The dynamics of NLR and ANC during nivolumab treatment may be associated with the efficacy of the subsequent salvage chemotherapy. Many studies have shown that low baseline NLR and ANC predict the efficacy of nivolumab therapy in various cancers.6, 18, 19, 20 More recent studies have shown that an early decrease in NLR during treatment with PD‐1 inhibitors predicts its efficacy.5, 6, 7, 8, 9, 10 NLR and ANC have been reported to correlate with the number of circulating MDSCs and tumor‐associated neutrophils,11, 12, 13, 14, 15 which suppress the function of antitumor T cells.16, 17 Circulating MDSC levels were inversely associated with response rate and survival after treatment with nivolumab in cancer patients.21, 22 In tumor‐bearing mouse models, the chemokine‐related substances that recruit neutrophils and MDSCs into the tumor suppressed the antitumor activity of PD‐1 blockade.23, 24

In contrast, our previous studies showed that the presence of a few PD‐1+ TILs was associated with the response to salvage chemotherapy, as well as nivolumab treatment.4, 24, 25 However, we did not clarify why preceding nivolumab therapy showed less antitumor activity in the responders to salvage chemotherapy. A recent study showed that the neutrophil lineage was the most abundant immune cell type within NSCLC tissues, where neutrophil content was inversely correlated with the content of CD8+ T cells.26 In addition, disease progression during first‐line chemotherapy for NSCLC was reported to correlate with high levels of circulating MDSCs.27 Combining these findings with the results of our previous studies,4, 25, 28 we hypothesize that both the exhaustion levels of cytotoxic T cells and interference with myeloid cells may affect the efficacy of nivolumab and subsequent salvage chemotherapy (Fig 3).

Figure 3

A hypothetical model of the possible underlying mechanisms of nivolumab and subsequent salvage chemotherapy, based on the results of our previous and present studies.4, 25, 28 PD‐1 expression levels on tumor‐infiltrating lymphocytes (TILs) probably indicate the exhaustion of lymphocytes. The dynamics of the neutrophil‐to‐lymphocyte ratio (NLR) and absolute neutrophil count (ANC) during nivolumab treatment possibly reflect the number of myeloid‐derived suppressor cells (MDSCs) and tumor‐associated neutrophils (TANs) in the tumor. These combinations may contribute to the efficacy of each therapy. Cx, chemotherapy.

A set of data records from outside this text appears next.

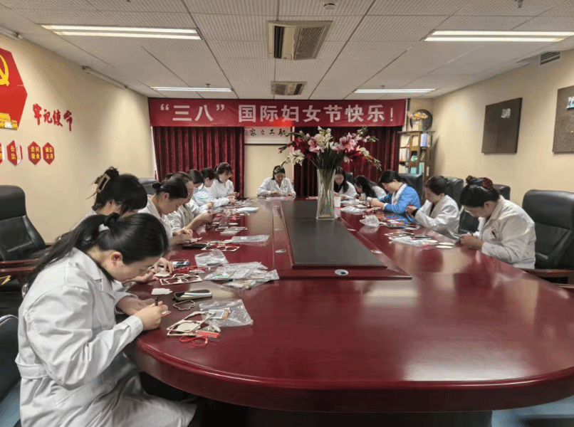 为庆祝第116个“三八”国际妇女节,丰富我院女职工的精神文化生活,让大家在忙碌的工作之余感受非遗传统文化的独特魅力,3月3日校医院分工会精心组织了一场以“非遗宋锦绽芳华·巧手匠心庆三八”为主题的宋锦手工DIY活动。大家欢聚一堂,亲手制作宋锦风铃与冰箱贴,共度了一个温馨、雅致的节日。
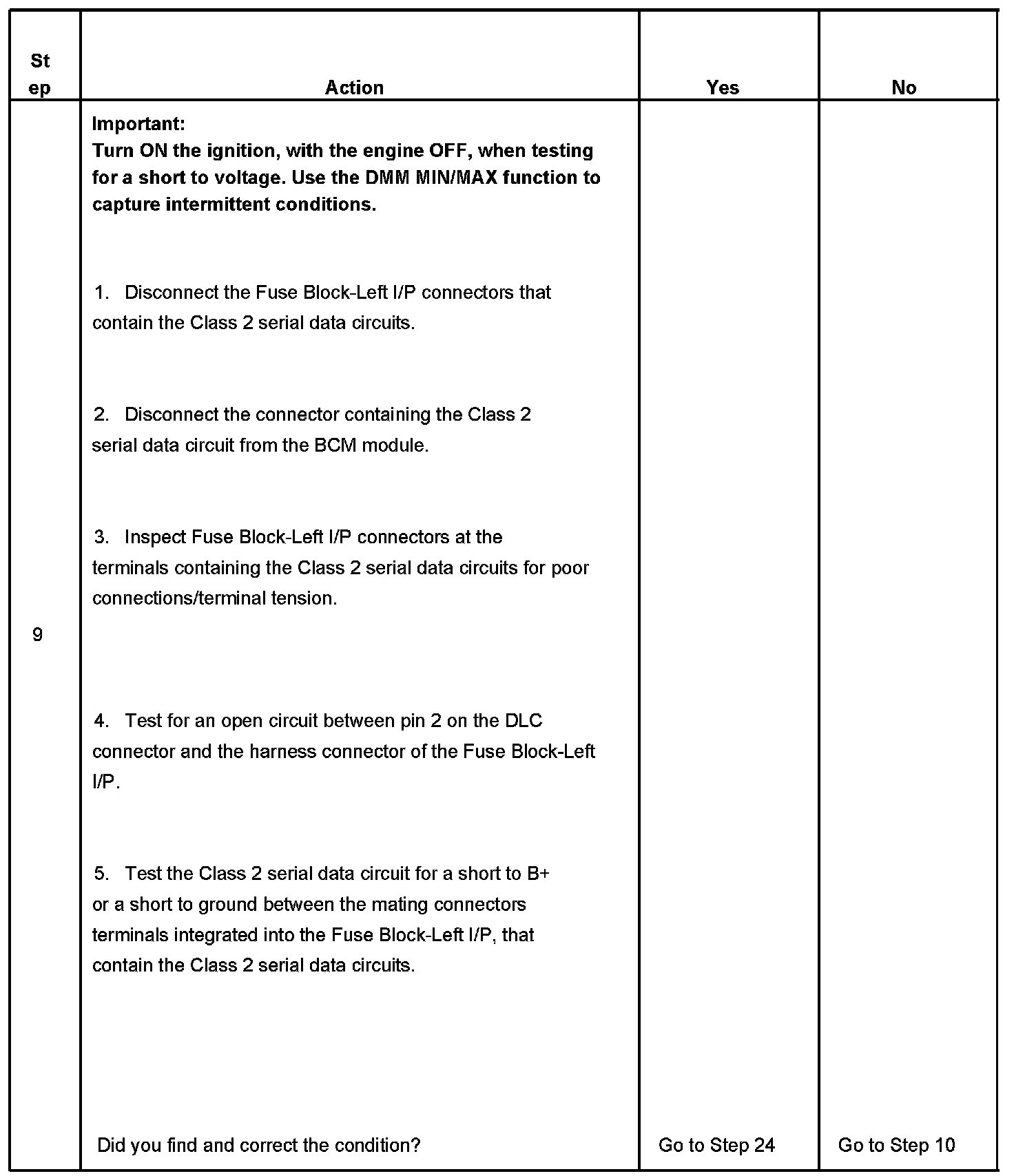 9. This step tests for an open from pin 2 of the DLC connector and the Fuse Block-Left I/P harness connector, it also tests for a short to B+ and Ground between the Fuse Block-Left I/P stationary junction terminals.
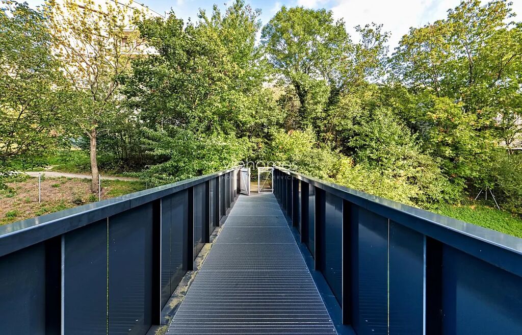 Rezidenční budova je zasazena do zeleně, výhled je naprosto úžasný a prostor okolo domu je velkoryse otevřený. Lávkou v zadní části objektu se dostanete do parku, kde je možné se projít či zasportovat. Před domem je zastávka tramvaje, metro Radlická je 5 minut od domu a dostupnost do centra města je snadná a rychlá.
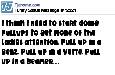 X I think I need to start doing pullups to get more of the ladies attention. Pull up in a Benz, Pull up in a Vette, Pull up in a Beamer....

The combination of PD‐1 blockade and chemotherapy has shown clinical benefits in patients with advanced NSCLC as first‐line treatment.1, 29 However, the complete response rates were not necessarily high, therefore further immunotherapeutic strategies are needed to cure lung cancer. Myeloid immunosuppressor cells are considered a major obstacle to cancer immunotherapy.30 Many clinical trials with agents targeting myeloid immunosuppressor cells are ongoing.31 For example, the nuclear hormone liver‐X receptor agonist that depletes MDSCs enhances the antitumor activity of tumor‐antigen specific T cells as monotherapy or in combination with PD‐1 blockade in mice and cancer patients.32 The dynamics of blood NLR and ANC might become a surrogate biomarker to identify patients who could benefit from immunotherapy targeting the myeloid immunosuppressor cells.

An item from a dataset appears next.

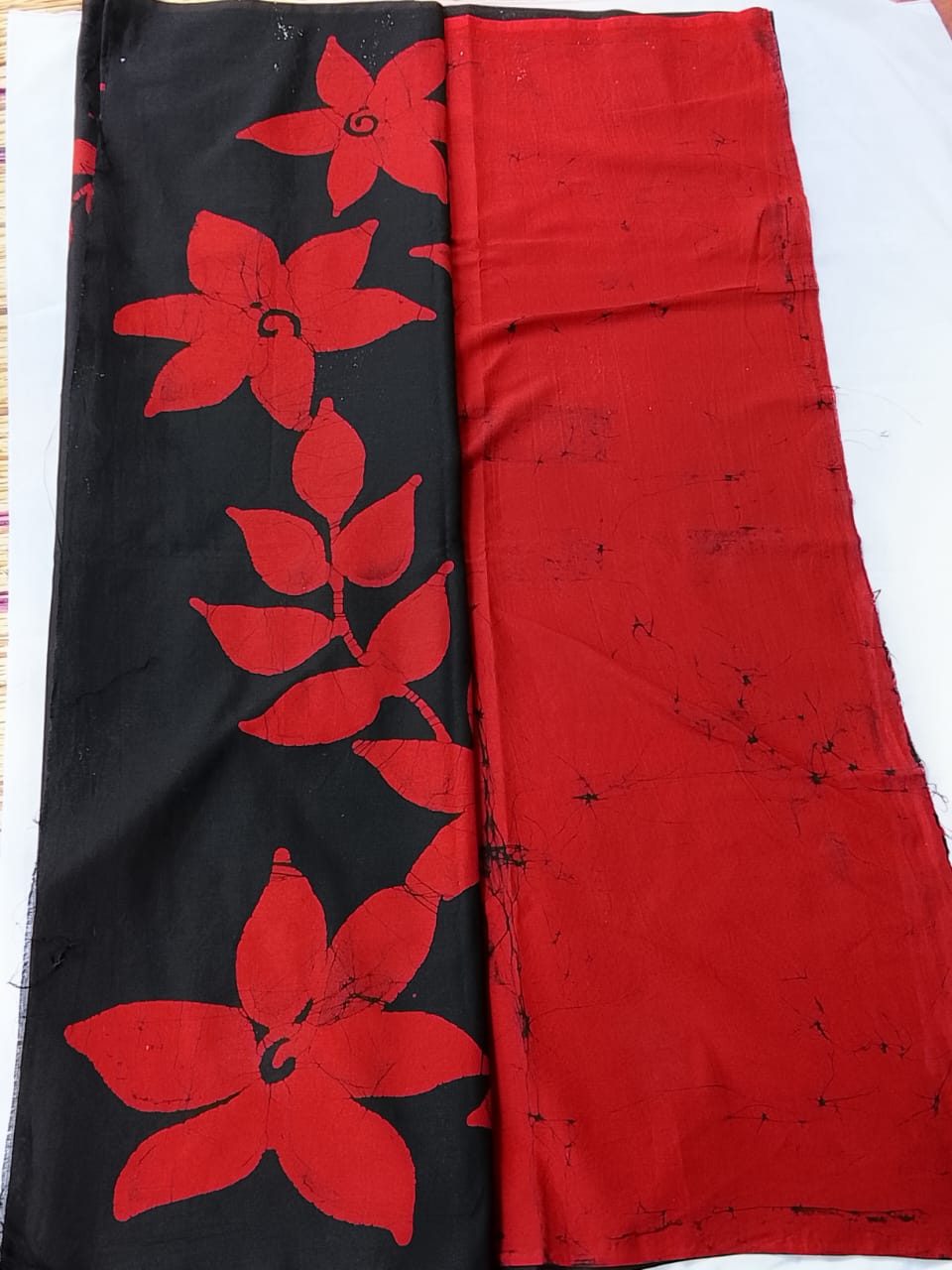 DENO FASHIONHandmade batik sareePrice: Rs. 7000/=Color: Red and black combinationLength: 7 yardsComes with jacket pieceElegant floral batik designComfortable fabric suitable for all occasions... more details
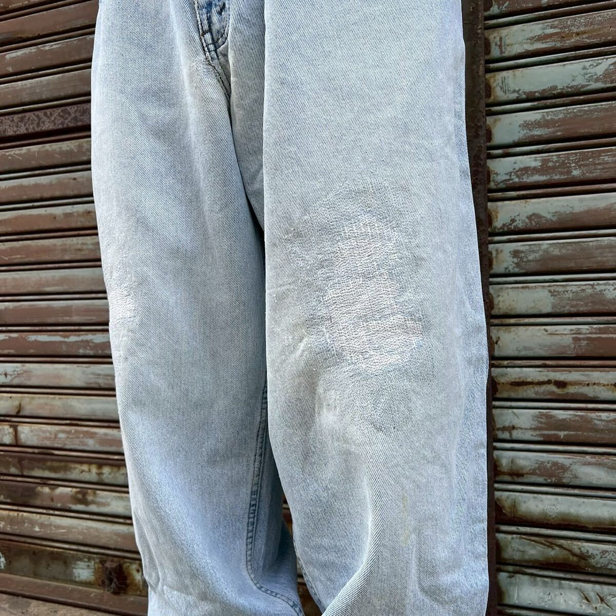 コンディション : 裾にダメージ、腿に汚れがございます。腿、膝、股下にリペアがございますが、着用に問題あるダメージはございません。

The present explorative study has several limitations, including a small population of heterogenous patients and the lack of immunohistochemical evaluation. The present findings are potentially subject to selection bias and should be interpreted cautiously.

In conclusion, the present findings create a hypothesis that the early dynamics of NLR and ANC during nivolumab treatment may be associated with the late efficacy of subsequent salvage chemotherapy following nivolumab treatment. Further studies involving a large cohort are required to verify our hypothesis, which could shed light on the role of myeloid immunosuppressor cells when the combination of PD‐1 blockade and chemotherapy is used.

Disclosure

No authors report any conflicts of interest.